The proposed stimulus package includes an increase in direct payments to individuals, increased federal unemployment benefits and aid to state and local governments.

Energy stocks are turning in some of the market's worst performances in morning trading amid a sharp pullback by the price of crude oil. Crude for February delivery is tumbling $1.61 to $51.96 a barrel after reaching an eleven-month high on Thursday.

Reflecting the weakness in the energy sector, the Philadelphia Oil Service Index is down by 5.2 percent and the NYSE Arca Oil Index is down by 3.2 percent.

Substantial weakness has also emerged among steel stocks, as reflected by the 4.5 percent nosedive by the NYSE Arca Steel Index.

Airline stocks are also seeing considerable weakness after moving sharply higher in the previous session, with the NYSE Arca Airline Index tumbling by 2.9 percent.

Financial, chemical and transportation stocks have also moved significantly lower amid a broad based sell-off on Wall Street.

In overseas trading, stock markets across the Asia-Pacific region turned in a mixed performance during trading on Friday. Japan's Nikkei 225 Index slid by 0.6 percent, while Hong Kong's Hang Seng Index rose by 0.3 percent.

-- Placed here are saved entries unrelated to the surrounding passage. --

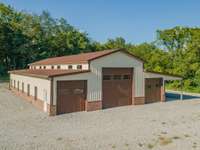 The secondary barn is 48x84 with a 24’ center bay, dual 12’ side sheds, ThermaGuard insulation, rock wainscot, plenty of windows, multiple garage doors, walk- through entries, an open lean- to with painted concrete floors, overhead lighting with water roughed in.
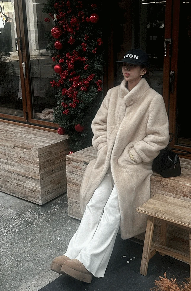 선데이무어의 플러시 롱 퍼 코트 상품입니다. 현재 가격은 128,000원입니다.
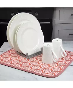 Grand Fusion Housewares Grand Fusion Reversible Dish Drying Mats 2 Pack, Coral
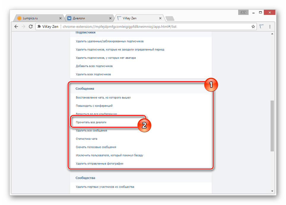 Рассматриваемое в этом методе расширение для интернет-обозревателя, в отличие от большинства других, в первую очередь нацелено на увеличение количества возможностей по множественному выполнению тех или иных операций. То есть, благодаря ему все переписки можно удалить или попросту отметить прочитанными.
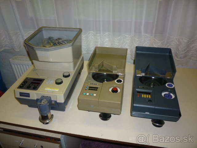 Predám počítačky mincí po repase. Dám Vám záruku 12 mesiacov, som servisný technik, takže Vám zabezpečím aj pozáručný servis. Modrý je švédsky Scan coin 303 a hnedý je japonský JCM CS-20.Sú to ešte poctivé a kvalitné stroje, žiadna čína. Parametre nebudem rozpisovať, nájdete na nete. Cena je 230 eur za kus. NEOĽUTUJETE !!
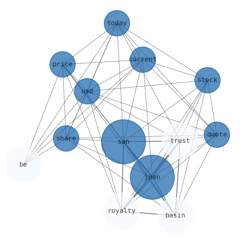 The game is changing. There is a new strategy to evaluate San Juan Basin Royalty Trust fundamental value, possible risks and most salient advantages. Investors have traditionally relied in reading large amounts of text to evaluate the fundamental value of a stock or company. However, the development of Artificial Intelligence (AI) tools is modifying the way investments are evaluated in markets. Today, machine learning, natural language processing and bigdata allow making this process automatic, reducing large amounts of text to the elements that have a higher activation in a neural network. We programmed an artificial intelligence that reads the whole internet and the uses natural language processing and vectorizers to summarize the information. Usually, the AI reads several hundred pages and summarize it to a short document. This document presents our results. We found that the most common words in the internet about San Juan Basin Royalty Trust are: San, …
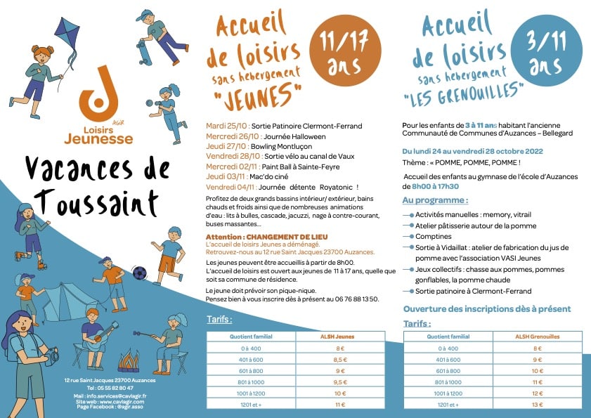 Pour les enfants de 3 à 11 ans habitant l’ancienne Communauté de Communes d’Auzances – Bellegard
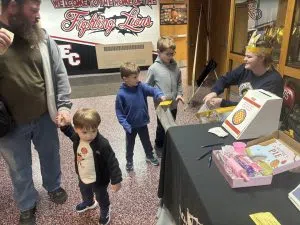 (Carlin St. Ledger surprises young attendees of Friday night’s game with an ag-themed goodie bag)
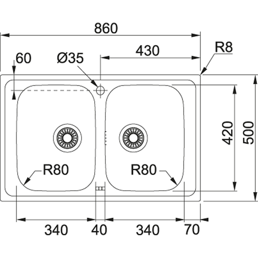 - Spülenmaß: 860x500 mm

Meanwhile, the major European markets have shown substantial moves to the downside on the day. While the German DAX Index has plunged by 2.1 percent, the French CAC 40 Index is down by 1.9 percent and the U.K.'s FTSE 100 Index is down by 1.7 percent.

In the bond market, treasuries have seen some volatility in recent trading but are currently higher. As a result, the yield on the benchmark ten-year note, which moves opposite of its price, is down by 2.7 basis points at 1.102 percent.